Ok, I'm back: and I just barely sneaked under my goal.  I'd have done better if I hadn't fallen to the siren call of 70% Kallari Chocolate (fair trade, no less) that cost me $4.99.  Sadly my shopping cart had no mast to which I could lash myself, and the chocolate came home clutched in my hot little hand.  Other than that, I got the London Broil ($8.03), a Bell and Evan's Chicken & and extra pack of wings ($12 and $3.99 - big ouch), a variety of cereals, some fruit, a couple of avacados... bla bla bla.

So, what am I having for dinner?  
Steak & Roasted Potatoes (adapted from Nigella Lawson's fabulous book Nigella Express):

preheat oven to 450.  Slice up potatoes into 2 inch chunks, toss with olive oil & sea salt, slam into oven until done (20min or so)

Meanwhile, slather steak with olive oil and salt on both sides and let it sit while you heat a skillet large enough for the steak to sear comfortably. When your pan is smoking, turn the heat to medium and slap in the steak.  Sear on each side for 4-5 min, without checking or you'll lose all the lovely crunch from the salt and oil.

While your meat is searing, cut up a lemon and squeeze 1/2 of it into 1/4 cup of olive oil.  Throw in some herbs (I used the wilty parsley, Nigella prefers thyme, but oregano, cilantro, just about what ever you have will be awesome -- even capers would be good), along with a couple of smashed garlic cloves, a couple of pinches of sea or Kosher salt and a grind of pepper.  Swish with a fork or a whisk, then pour it all onto a rimmed plate or baking dish large enough to hold the steak.
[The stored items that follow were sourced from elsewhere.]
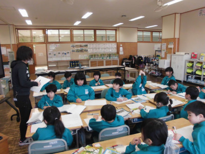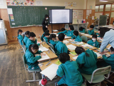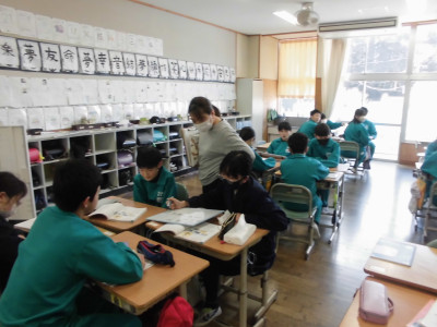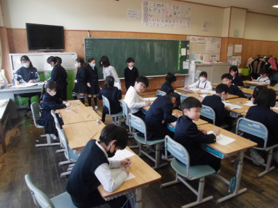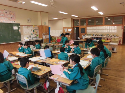 1年1組では、「班の友達と楽しく話し合うにはどうしたらいいのかな」をめあてに、国語の学習をしました。ミッキーやニャーゴも登場して、楽しく話し合うには聞き手の反応が大切であることに気付きました。ノートもしっかり書くことができるようになりました。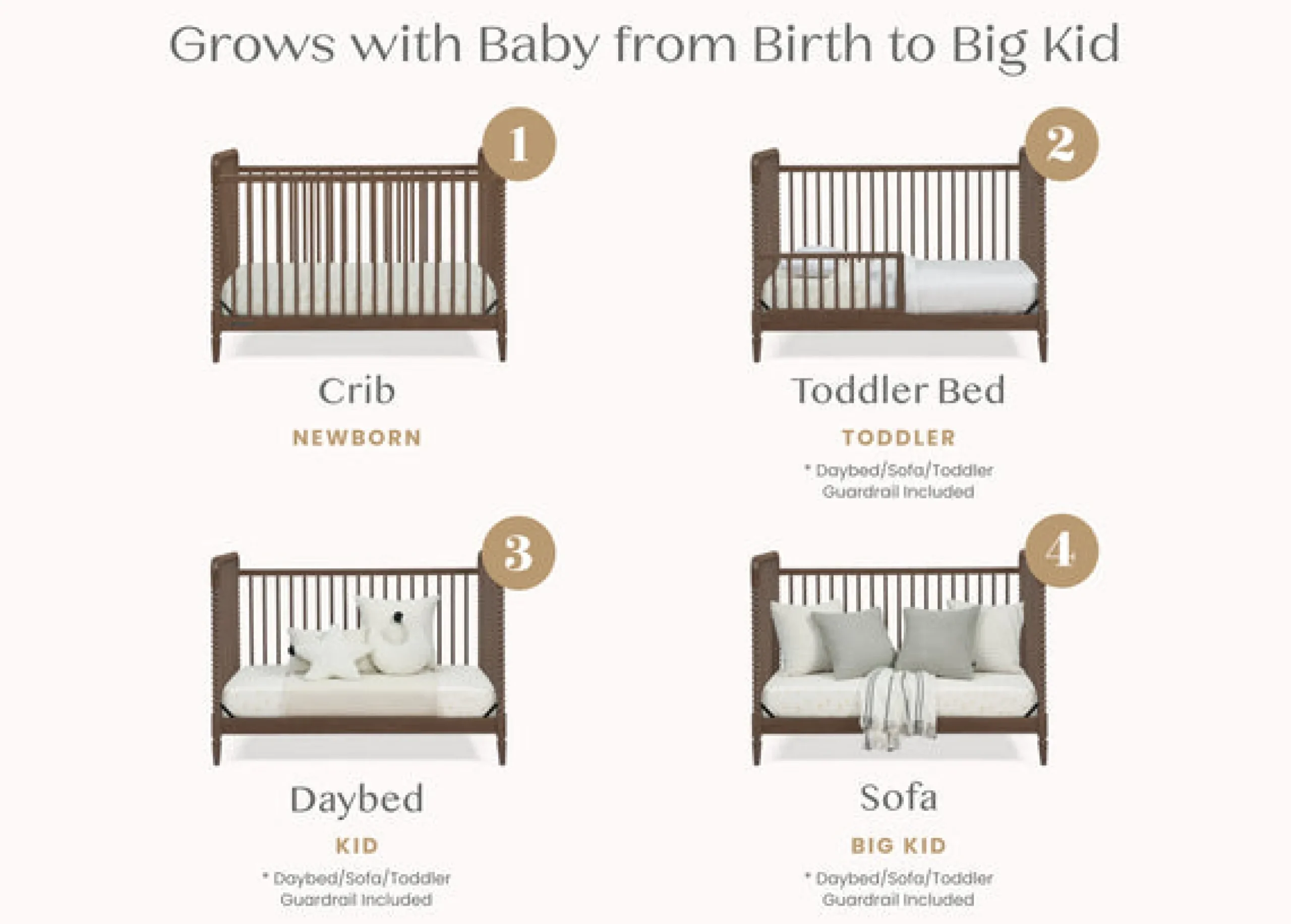 The Saint 4-in-1 Convertible Crib converts into a toddler bed, daybed and sofa (Daybed/Sofa/Toddler Guardrail included)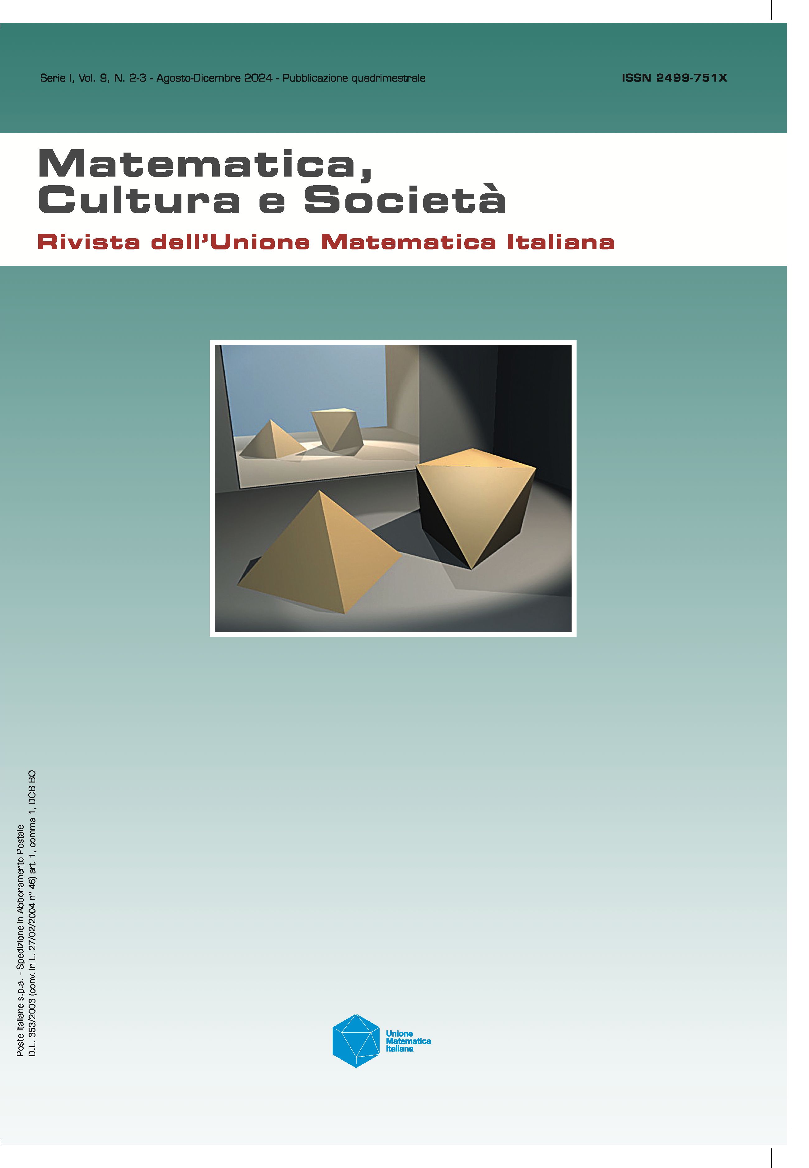 | Home -> Matematica, Cultura e Società, Serie 1 -> Vol. 9 (2024), n. 2-3 |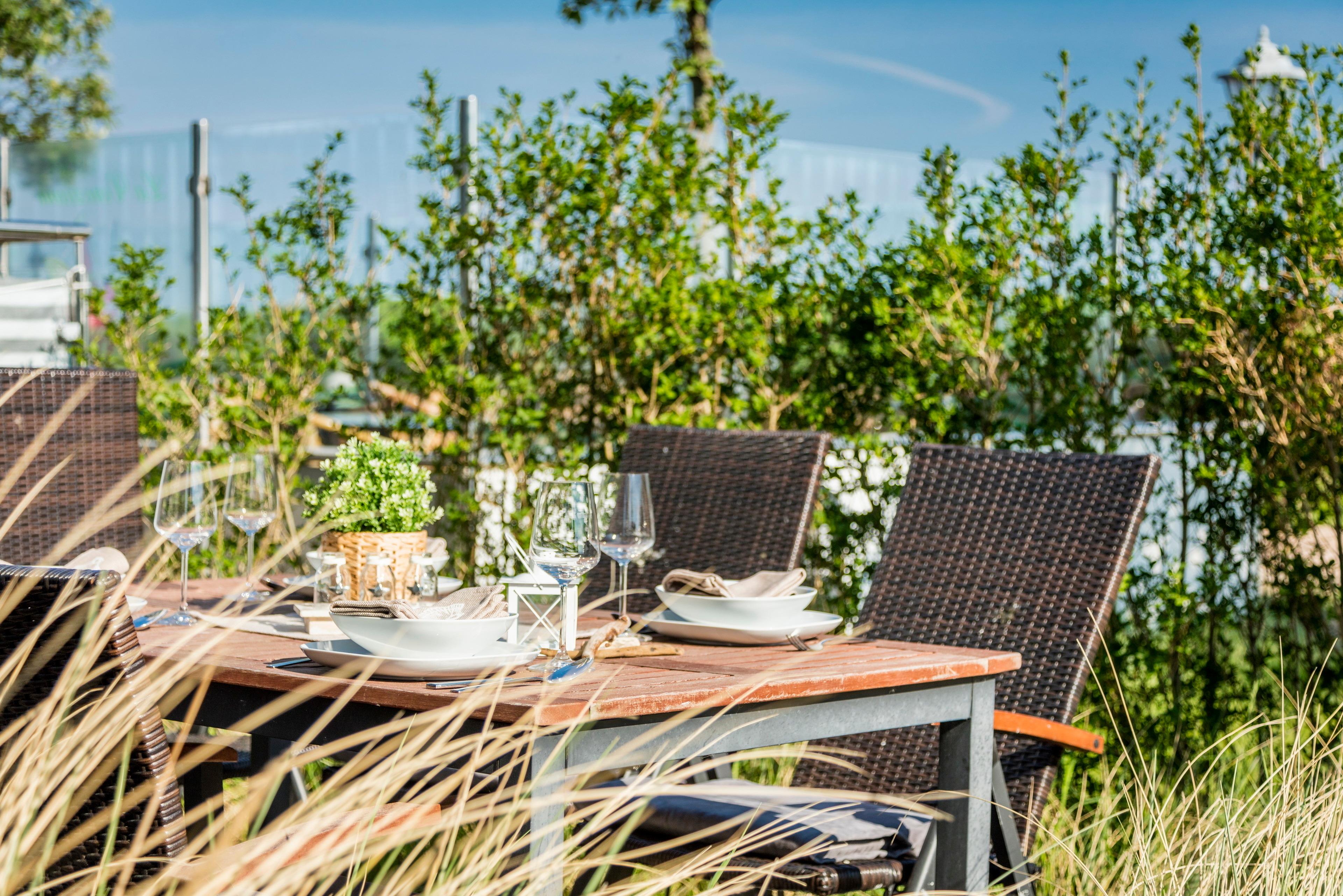 Von der Südwest-Terrasse, welche von einer Hecke umgeben ist, können Sie das bunte Treiben auf der Promenade und am Strand beobachten.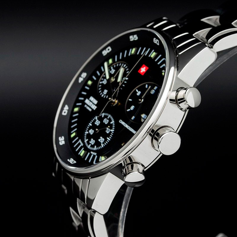 Функции: Центральные часовая и минутная стрелки, маленький секундный индикатор на «3 часах». Дата. Хронограф.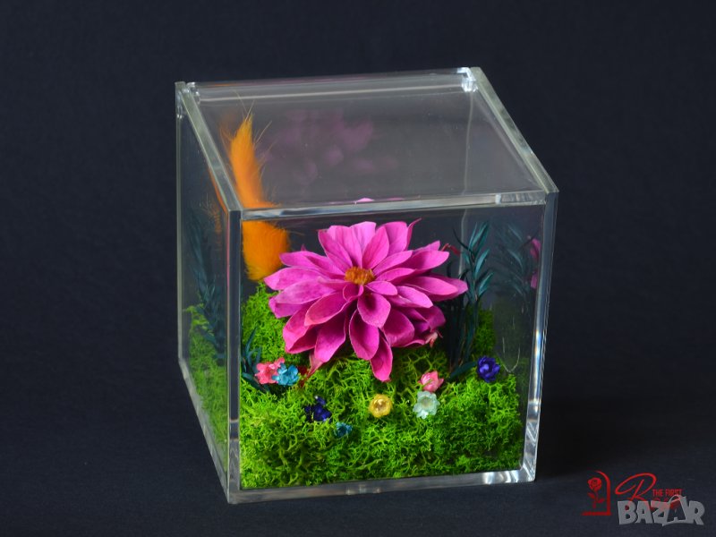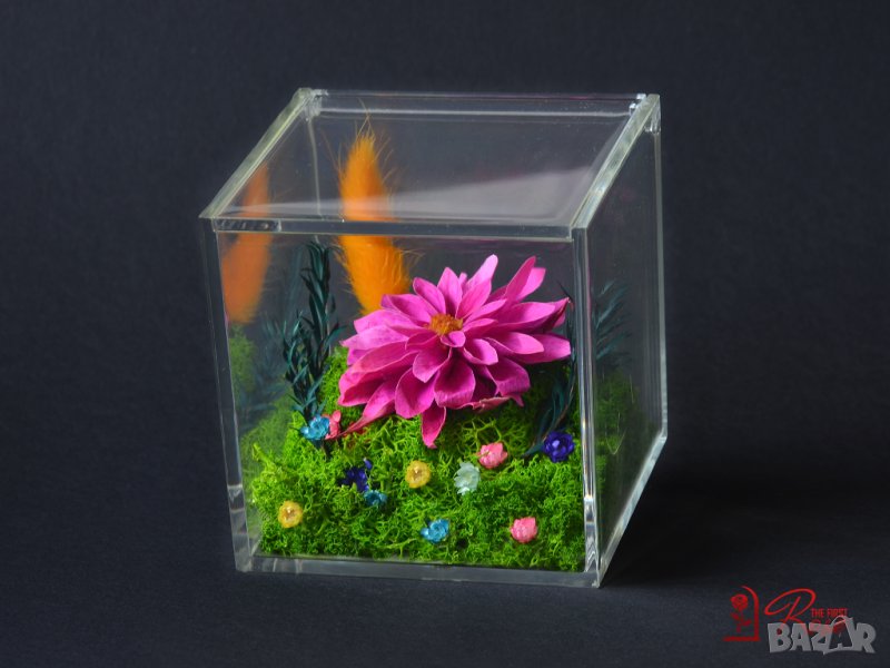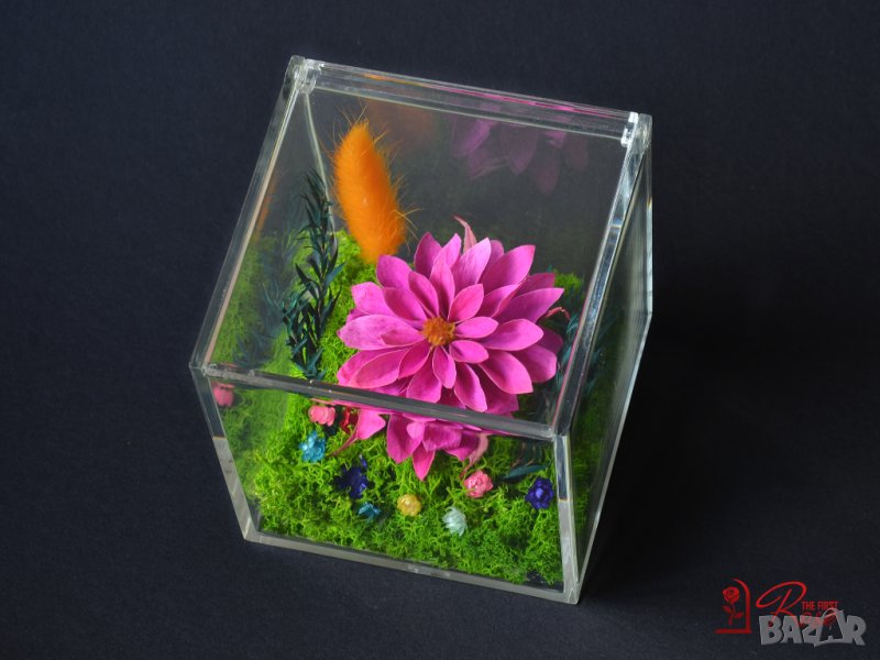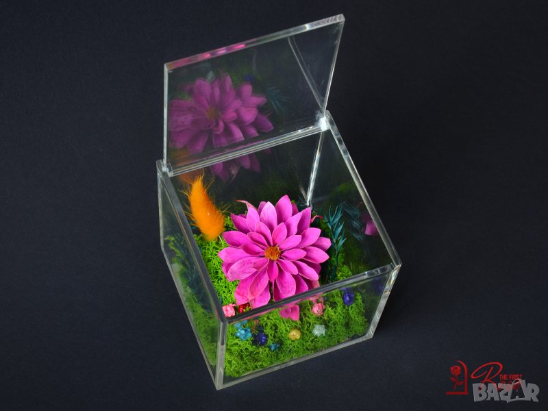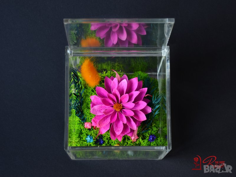 Представяме ви стилна флорална аранжировка изработена с естествена вечна далия, скандинавски мъх, нежни цветчета и дехидратирани живи растения поставени в прозрачна плексигласова кутия с капак.

When the steak is done, plonk it onto the serving dish right into the olive oil and lemon juice, and wait 4 minutes, then flip it and wait another four.  Cut it up into slices -- and swish the potatoes in the sauce.  This is amazingly yummy and easy. 

Famous Chicken and Pasta

Roast a chicken, or use left over roast chicken -- or better yet, send someone to the grocery to buy a hot rotisserie chicken.  Take all the meat off the bone*.  While you are doing this, boil some pasta.  I always seem to have half bags or boxes of pasta lying around, and I just throw it all into a big pot and hope it all cooks to the same doneness.  Moments before the pasta is done, toss a bag of frozen peas into the water, then drain it all and return to pot. Swirl a tiny bit of olive oil into the pasta so it doesn't stick.  Throw the chicken into the pot with the pasta and peas, as well as any accumulated juices.  If there are no juices -- or if the juices don't seem to be enough,  then open a small can, or box of low sodium chicken broth and pour about 1/4 to 1/2 a cup into the pot with the chicken.  If you have some parsley, throw that in.  If you have thyme, strip the leaves off the stems and throw that in.  Salt and pepper to taste -- I always use kosher or sea salt.  Turn the burner on low, and stir like crazy while you reheat the whole thing. This is the easiest meal you will ever make, and it is so delicious that your children will always ask for it.  At least, mine do.

* stick the bones in a freezer bag and freeze to use to make chicken soup later.